Some time back in the early 1980s, I recall science fiction author Larry Niven saying that he learned a lot about writing dialogue from reading Robert A. Heinlein's novels. That got my attention, and I pulled out copies of Niven's Ringworld and Heinlein's Starship Troopers and started comparing dialogue in scenes, side-by-side.

I learned a lot about dialogue from those observations. Dialogue techniques that I had missed in the past stood out clearly when I saw how Niven had borrowed or learned them from Heinlein. (Simple things like putting a short statement in its own paragraph for emphasis, plus many more subtle and complex techniques.)

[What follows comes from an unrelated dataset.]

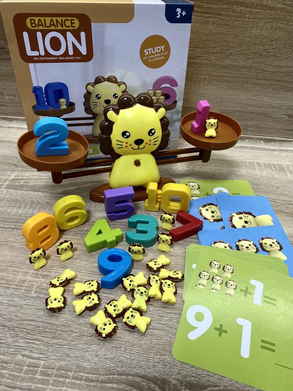 Чудовий набір Балансир для вивчення цифр , рахунку та розв’язування прикладів . Такий ігровий набір допоможе дошкільнятам освоїти перші знання з математики . В комплекті вага ( 33 - 17 см ), 10 цифр (різної ваги) , 19 фігурок та 30 карточок з завданнями. Розмір упаковки 26,5-26,5-7 см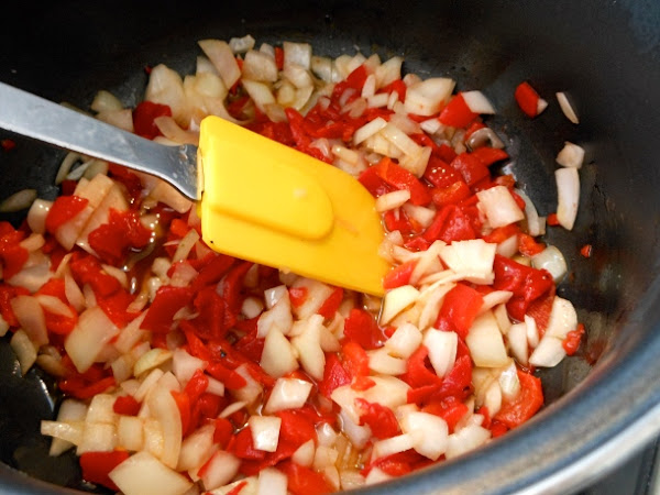 Cuando el aceite esté caliente añade la cebolla picada y los pimientos del piquillo previamente escurridos y troceados. Déjalos cocer a fuego medio con la cacerola tapada durante 10 minutos.

I found the same when I paired these short-story collections: Niven's The Magic Goes Away with The Fantasies of Robert A. Heinlein. Actually, any Niven/Heinlein combination will do.

Try it yourself. If you're not a science fiction reader, compare other writers' techniques. For example, contrast the dialogue techniques in A Painted House, by John Grisham, with those in Havana Bay, by Martin Cruz Smith. Better still, contrast Jane Smiley's dialogue in A Thousand Acres with Grisham's in A Painted House or the autobiographical The Coalwood Way, by Homer Hickam.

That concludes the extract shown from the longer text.